───── Data records ─────
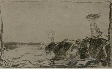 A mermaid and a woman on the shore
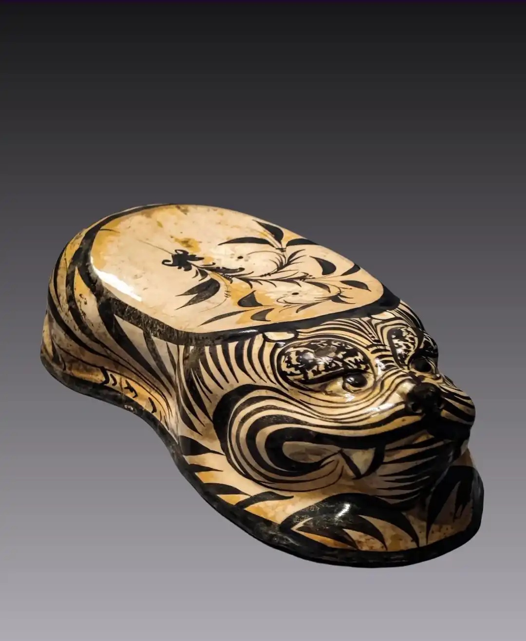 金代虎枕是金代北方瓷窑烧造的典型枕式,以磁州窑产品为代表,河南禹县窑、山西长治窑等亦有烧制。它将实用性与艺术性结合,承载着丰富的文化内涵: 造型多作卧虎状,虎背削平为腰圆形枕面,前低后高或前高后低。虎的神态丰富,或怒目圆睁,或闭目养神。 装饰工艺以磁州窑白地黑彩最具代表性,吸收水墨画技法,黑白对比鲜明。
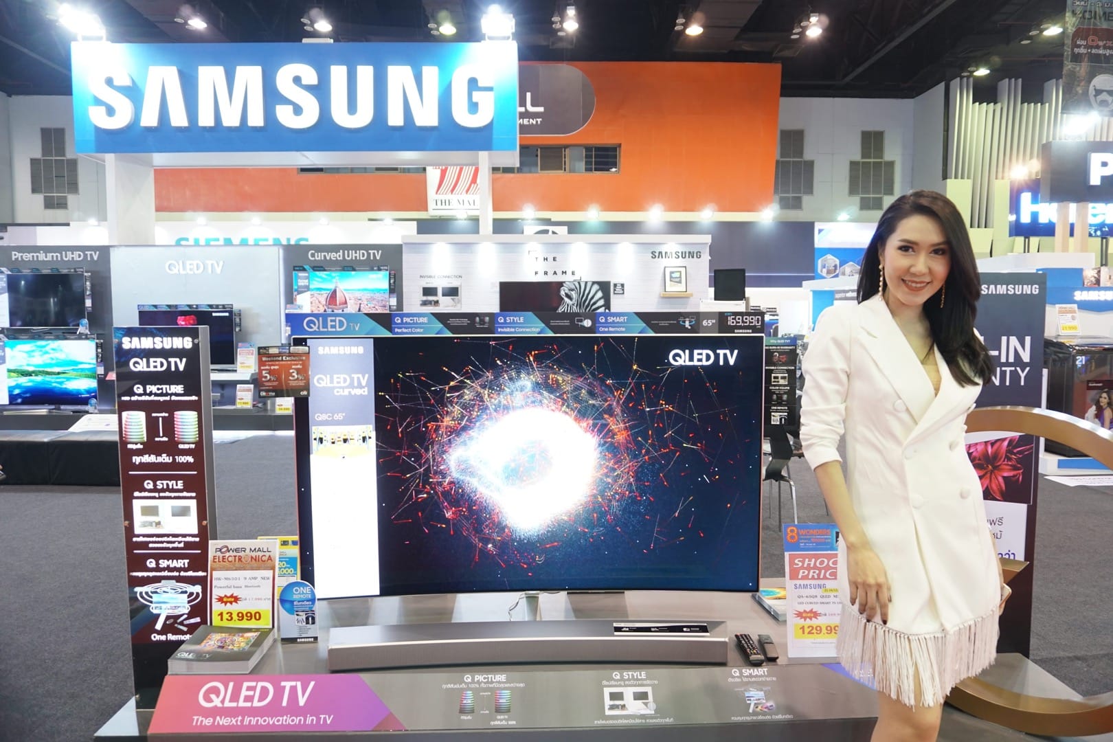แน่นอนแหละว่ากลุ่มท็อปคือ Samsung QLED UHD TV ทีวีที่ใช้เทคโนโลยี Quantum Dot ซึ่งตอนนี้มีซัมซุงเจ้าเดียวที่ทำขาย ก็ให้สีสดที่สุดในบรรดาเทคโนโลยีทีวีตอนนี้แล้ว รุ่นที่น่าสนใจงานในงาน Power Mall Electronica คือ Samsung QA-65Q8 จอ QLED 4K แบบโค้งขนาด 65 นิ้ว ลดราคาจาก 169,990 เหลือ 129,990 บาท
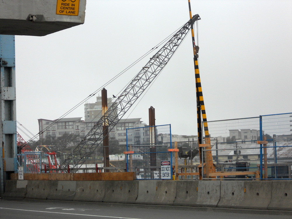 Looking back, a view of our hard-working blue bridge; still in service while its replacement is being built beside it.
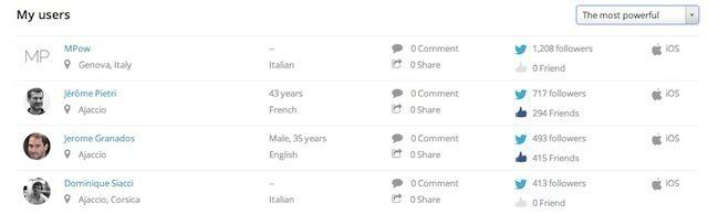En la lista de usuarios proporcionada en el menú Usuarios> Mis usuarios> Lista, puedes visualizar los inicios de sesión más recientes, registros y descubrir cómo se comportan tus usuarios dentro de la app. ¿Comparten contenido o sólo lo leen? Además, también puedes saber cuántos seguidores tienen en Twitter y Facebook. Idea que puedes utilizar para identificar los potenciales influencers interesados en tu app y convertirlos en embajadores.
─────
Assigned task: Return the records above verbatim, leaving out images.

Worked solution:
 A mermaid and a woman on the shore
 金代虎枕是金代北方瓷窑烧造的典型枕式,以磁州窑产品为代表,河南禹县窑、山西长治窑等亦有烧制。它将实用性与艺术性结合,承载着丰富的文化内涵: 造型多作卧虎状,虎背削平为腰圆形枕面,前低后高或前高后低。虎的神态丰富,或怒目圆睁,或闭目养神。 装饰工艺以磁州窑白地黑彩最具代表性,吸收水墨画技法,黑白对比鲜明。
แน่นอนแหละว่ากลุ่มท็อปคือ Samsung QLED UHD TV ทีวีที่ใช้เทคโนโลยี Quantum Dot ซึ่งตอนนี้มีซัมซุงเจ้าเดียวที่ทำขาย ก็ให้สีสดที่สุดในบรรดาเทคโนโลยีทีวีตอนนี้แล้ว รุ่นที่น่าสนใจงานในงาน Power Mall Electronica คือ Samsung QA-65Q8 จอ QLED 4K แบบโค้งขนาด 65 นิ้ว ลดราคาจาก 169,990 เหลือ 129,990 บาท
 Looking back, a view of our hard-working blue bridge; still in service while its replacement is being built beside it.
En la lista de usuarios proporcionada en el menú Usuarios> Mis usuarios> Lista, puedes visualizar los inicios de sesión más recientes, registros y descubrir cómo se comportan tus usuarios dentro de la app. ¿Comparten contenido o sólo lo leen? Además, también puedes saber cuántos seguidores tienen en Twitter y Facebook. Idea que puedes utilizar para identificar los potenciales influencers interesados en tu app y convertirlos en embajadores.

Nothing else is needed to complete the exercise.